A healthcare librarian assisted with strategy development. Several iterations were trialled using two reference studies. The full search was run on 22 October 2013, in Ovid MEDLINE(R) In-Process & Other Non-Indexed Citations, and Ovid MEDLINE(R) 1946 to Present, Ovid Embase 1974 to 2013 October 21, and Web of Knowledge Science Citation Index Expanded (see online supplementary appendix 1). An update search was run on 6 August 2014 prior to publication. Filters were not used and no language or date restrictions applied. Only published studies were included. Reference lists, citation searches, citing alerts in electronic journals, and the ‘related articles’ feature in PubMed were also used.

Study selection

Titles and abstracts were screened according to inclusion and exclusion by two reviewers independently of each other, and results pooled. Full texts were assessed for inclusion independently by two reviewers. Differences were resolved by discussion and, if necessary, referral to a third reviewer.

Data collection

Prespecified data extraction forms (see online supplementary appendix 2) were developed,15 trialled in one study and modified. Data items included participants, index, comparator, reference, flow and diagnostic performance. Data were independently extracted by two reviewers. Differences were resolved by discussion and, if necessary, referral to a third reviewer.

Quality assessment

QUADAS2 (the Revised Tool for Quality Assessment of Diagnostic Accuracy Studies)16 was tailored for this review (see online supplementary appendix 3). Rating guidelines were developed, piloted in one included study, and applied to remaining studies by both reviewers independently. Differences were resolved by discussion and, if necessary, referral to a third reviewer.

Analysis plan

Most studies were expected to analyse patients, although we anticipated beforehand that studies might report results for each lung. We did not anticipate reporting by lung region.
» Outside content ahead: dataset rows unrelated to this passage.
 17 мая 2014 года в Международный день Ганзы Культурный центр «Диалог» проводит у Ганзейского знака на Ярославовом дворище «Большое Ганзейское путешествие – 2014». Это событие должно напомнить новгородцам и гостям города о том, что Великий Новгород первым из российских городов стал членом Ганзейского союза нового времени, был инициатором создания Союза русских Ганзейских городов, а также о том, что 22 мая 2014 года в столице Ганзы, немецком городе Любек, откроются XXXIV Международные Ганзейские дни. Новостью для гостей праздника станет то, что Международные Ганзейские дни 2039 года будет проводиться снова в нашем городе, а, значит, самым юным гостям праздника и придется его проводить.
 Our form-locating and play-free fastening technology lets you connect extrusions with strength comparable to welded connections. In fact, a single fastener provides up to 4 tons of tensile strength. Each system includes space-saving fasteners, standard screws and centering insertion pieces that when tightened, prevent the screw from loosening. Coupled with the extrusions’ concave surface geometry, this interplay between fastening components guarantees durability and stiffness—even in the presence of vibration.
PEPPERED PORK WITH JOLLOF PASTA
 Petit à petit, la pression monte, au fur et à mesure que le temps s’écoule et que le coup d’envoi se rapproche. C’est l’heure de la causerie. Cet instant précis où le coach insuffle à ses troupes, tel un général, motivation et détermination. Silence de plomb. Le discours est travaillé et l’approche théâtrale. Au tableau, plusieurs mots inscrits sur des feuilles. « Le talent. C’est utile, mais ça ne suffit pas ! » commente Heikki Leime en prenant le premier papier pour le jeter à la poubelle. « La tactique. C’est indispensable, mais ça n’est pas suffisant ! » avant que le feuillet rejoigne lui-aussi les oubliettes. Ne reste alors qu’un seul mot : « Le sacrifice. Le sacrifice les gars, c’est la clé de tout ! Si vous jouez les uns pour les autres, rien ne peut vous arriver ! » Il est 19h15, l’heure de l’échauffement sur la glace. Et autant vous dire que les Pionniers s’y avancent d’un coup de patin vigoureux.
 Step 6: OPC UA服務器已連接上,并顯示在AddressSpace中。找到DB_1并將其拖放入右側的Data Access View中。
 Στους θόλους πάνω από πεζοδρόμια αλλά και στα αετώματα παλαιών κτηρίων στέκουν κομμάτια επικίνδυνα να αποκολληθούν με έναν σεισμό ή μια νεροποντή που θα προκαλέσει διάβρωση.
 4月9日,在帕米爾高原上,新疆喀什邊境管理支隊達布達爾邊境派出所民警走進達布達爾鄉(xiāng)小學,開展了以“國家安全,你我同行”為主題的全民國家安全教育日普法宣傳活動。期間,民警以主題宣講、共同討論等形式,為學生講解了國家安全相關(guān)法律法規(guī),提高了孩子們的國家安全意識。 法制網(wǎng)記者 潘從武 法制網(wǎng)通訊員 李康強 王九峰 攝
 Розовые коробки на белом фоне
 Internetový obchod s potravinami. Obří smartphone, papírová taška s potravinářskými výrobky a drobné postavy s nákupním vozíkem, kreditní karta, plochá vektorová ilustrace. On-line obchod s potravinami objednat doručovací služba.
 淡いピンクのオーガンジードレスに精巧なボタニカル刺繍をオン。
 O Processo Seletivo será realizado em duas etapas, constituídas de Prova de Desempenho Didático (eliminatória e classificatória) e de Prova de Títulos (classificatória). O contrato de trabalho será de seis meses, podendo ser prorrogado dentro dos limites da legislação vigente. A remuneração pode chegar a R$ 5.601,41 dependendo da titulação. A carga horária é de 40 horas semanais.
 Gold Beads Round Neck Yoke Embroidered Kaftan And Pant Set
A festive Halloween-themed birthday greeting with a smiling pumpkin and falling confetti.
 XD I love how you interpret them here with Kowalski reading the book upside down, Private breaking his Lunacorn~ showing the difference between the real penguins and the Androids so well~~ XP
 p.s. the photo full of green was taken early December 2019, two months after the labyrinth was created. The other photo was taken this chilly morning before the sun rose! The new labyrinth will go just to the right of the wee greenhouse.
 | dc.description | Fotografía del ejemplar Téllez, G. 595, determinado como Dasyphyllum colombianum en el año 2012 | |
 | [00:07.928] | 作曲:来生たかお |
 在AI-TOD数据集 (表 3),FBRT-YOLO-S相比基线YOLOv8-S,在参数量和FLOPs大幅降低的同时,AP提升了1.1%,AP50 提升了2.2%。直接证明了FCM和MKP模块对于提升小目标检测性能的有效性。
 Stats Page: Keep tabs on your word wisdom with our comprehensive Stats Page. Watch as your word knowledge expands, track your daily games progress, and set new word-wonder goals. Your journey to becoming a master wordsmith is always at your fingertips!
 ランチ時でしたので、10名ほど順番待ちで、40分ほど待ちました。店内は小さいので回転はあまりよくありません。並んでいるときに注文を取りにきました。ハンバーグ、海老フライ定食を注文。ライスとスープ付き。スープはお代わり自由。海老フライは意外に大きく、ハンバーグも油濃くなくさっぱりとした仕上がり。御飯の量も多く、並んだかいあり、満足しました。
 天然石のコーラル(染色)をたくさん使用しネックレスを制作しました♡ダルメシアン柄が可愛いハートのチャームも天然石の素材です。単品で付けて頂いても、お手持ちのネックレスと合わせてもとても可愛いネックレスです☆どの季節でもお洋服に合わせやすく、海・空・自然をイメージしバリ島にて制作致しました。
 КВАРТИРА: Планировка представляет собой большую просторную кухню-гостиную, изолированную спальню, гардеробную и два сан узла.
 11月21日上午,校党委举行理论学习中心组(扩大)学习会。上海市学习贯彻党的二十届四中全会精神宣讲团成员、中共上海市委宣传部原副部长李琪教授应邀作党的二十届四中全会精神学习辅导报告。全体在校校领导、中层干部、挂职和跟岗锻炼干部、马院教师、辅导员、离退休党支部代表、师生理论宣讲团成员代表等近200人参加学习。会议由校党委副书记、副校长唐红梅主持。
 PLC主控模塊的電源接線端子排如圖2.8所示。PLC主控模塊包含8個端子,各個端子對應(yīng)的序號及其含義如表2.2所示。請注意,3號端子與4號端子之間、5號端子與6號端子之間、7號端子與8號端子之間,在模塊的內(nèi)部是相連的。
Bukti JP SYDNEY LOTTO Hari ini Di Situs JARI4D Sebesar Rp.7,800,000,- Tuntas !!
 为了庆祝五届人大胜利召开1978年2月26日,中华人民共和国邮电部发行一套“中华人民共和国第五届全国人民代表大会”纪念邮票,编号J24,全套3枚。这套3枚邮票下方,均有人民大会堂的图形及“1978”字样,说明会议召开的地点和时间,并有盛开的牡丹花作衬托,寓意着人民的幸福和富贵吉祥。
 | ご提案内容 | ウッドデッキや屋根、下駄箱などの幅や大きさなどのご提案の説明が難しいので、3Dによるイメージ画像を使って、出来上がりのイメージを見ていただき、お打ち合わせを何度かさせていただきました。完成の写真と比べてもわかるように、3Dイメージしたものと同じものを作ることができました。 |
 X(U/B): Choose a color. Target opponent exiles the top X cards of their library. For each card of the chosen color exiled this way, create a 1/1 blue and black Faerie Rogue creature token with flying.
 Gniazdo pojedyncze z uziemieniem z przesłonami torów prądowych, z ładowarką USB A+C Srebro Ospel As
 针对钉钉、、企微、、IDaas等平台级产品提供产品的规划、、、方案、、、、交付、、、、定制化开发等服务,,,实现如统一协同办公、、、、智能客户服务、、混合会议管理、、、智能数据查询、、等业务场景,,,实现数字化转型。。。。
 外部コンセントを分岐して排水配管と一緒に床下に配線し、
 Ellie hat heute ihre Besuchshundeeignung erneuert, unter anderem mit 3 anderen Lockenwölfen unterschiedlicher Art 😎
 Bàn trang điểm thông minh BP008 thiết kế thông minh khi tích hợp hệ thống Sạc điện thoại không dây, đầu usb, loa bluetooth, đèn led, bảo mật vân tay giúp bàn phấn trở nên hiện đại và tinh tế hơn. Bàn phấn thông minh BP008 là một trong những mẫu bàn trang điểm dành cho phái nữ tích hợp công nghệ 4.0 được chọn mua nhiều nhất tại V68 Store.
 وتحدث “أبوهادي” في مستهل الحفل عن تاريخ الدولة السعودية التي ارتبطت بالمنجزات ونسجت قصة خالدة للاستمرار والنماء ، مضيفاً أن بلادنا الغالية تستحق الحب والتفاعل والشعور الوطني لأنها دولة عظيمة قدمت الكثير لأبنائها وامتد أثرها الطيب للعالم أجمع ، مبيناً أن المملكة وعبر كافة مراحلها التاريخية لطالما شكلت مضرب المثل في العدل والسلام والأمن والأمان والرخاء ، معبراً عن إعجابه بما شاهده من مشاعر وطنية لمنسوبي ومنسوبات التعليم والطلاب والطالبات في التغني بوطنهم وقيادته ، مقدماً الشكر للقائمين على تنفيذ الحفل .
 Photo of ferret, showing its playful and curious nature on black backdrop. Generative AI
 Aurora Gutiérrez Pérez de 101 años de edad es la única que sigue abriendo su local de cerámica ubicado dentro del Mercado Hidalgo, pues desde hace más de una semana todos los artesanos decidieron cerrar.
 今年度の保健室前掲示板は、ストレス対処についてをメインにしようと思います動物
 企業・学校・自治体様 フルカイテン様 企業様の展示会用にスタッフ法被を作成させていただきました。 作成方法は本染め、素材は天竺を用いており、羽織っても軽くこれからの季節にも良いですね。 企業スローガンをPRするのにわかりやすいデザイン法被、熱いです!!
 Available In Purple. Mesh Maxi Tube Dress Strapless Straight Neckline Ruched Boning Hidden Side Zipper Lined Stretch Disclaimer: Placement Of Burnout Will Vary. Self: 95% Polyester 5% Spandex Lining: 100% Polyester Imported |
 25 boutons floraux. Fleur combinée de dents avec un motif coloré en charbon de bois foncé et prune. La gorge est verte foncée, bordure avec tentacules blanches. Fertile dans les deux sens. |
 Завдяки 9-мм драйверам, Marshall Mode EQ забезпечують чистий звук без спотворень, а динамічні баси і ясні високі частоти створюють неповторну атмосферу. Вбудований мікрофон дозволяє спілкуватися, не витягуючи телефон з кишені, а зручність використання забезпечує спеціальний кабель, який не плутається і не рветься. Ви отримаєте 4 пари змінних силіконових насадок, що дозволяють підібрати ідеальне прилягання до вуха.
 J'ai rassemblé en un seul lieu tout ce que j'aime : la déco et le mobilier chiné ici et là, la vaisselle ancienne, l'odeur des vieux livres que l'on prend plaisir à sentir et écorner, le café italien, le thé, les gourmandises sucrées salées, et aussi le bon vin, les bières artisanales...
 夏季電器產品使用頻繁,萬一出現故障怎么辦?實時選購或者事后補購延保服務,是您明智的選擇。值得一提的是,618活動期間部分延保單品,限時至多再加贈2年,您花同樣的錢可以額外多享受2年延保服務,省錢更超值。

We considered analysis of any units other than patients as biased, since one lung (or lung region) of a patient is not independent of the other.

Paired forest plots were used to display 95% CIs of sensitivity and specificity. Sensitivity and specificity from each study were plotted in receiver operator characteristics (ROC) space. Meta-analysis was planned if studies were sufficiently homogeneous and numerous (≥4). Although this numerical requirement was met, meta-analysis was prevented by heterogeneous units of analysis between studies. Details of the planned meta-analysis are available at the registered protocol. Where ultrasound was compared with chest X-ray, sensitivity and specificity for both tests were plotted in ROC space using Revman 5.17 Tests of unpaired proportions for large samples were used to compare tests within the same study, as sufficient data were unavailable for paired comparison.

Results

Study selection

Figure 1 shows the PRISMA flowchart. Totals from both (original and update) searches are combined. Four studies met inclusion criteria.18–21 The 2×2 contingency tables could be extracted from all included studies.

Figure 1

PRISMA flow diagram of study identification and selection.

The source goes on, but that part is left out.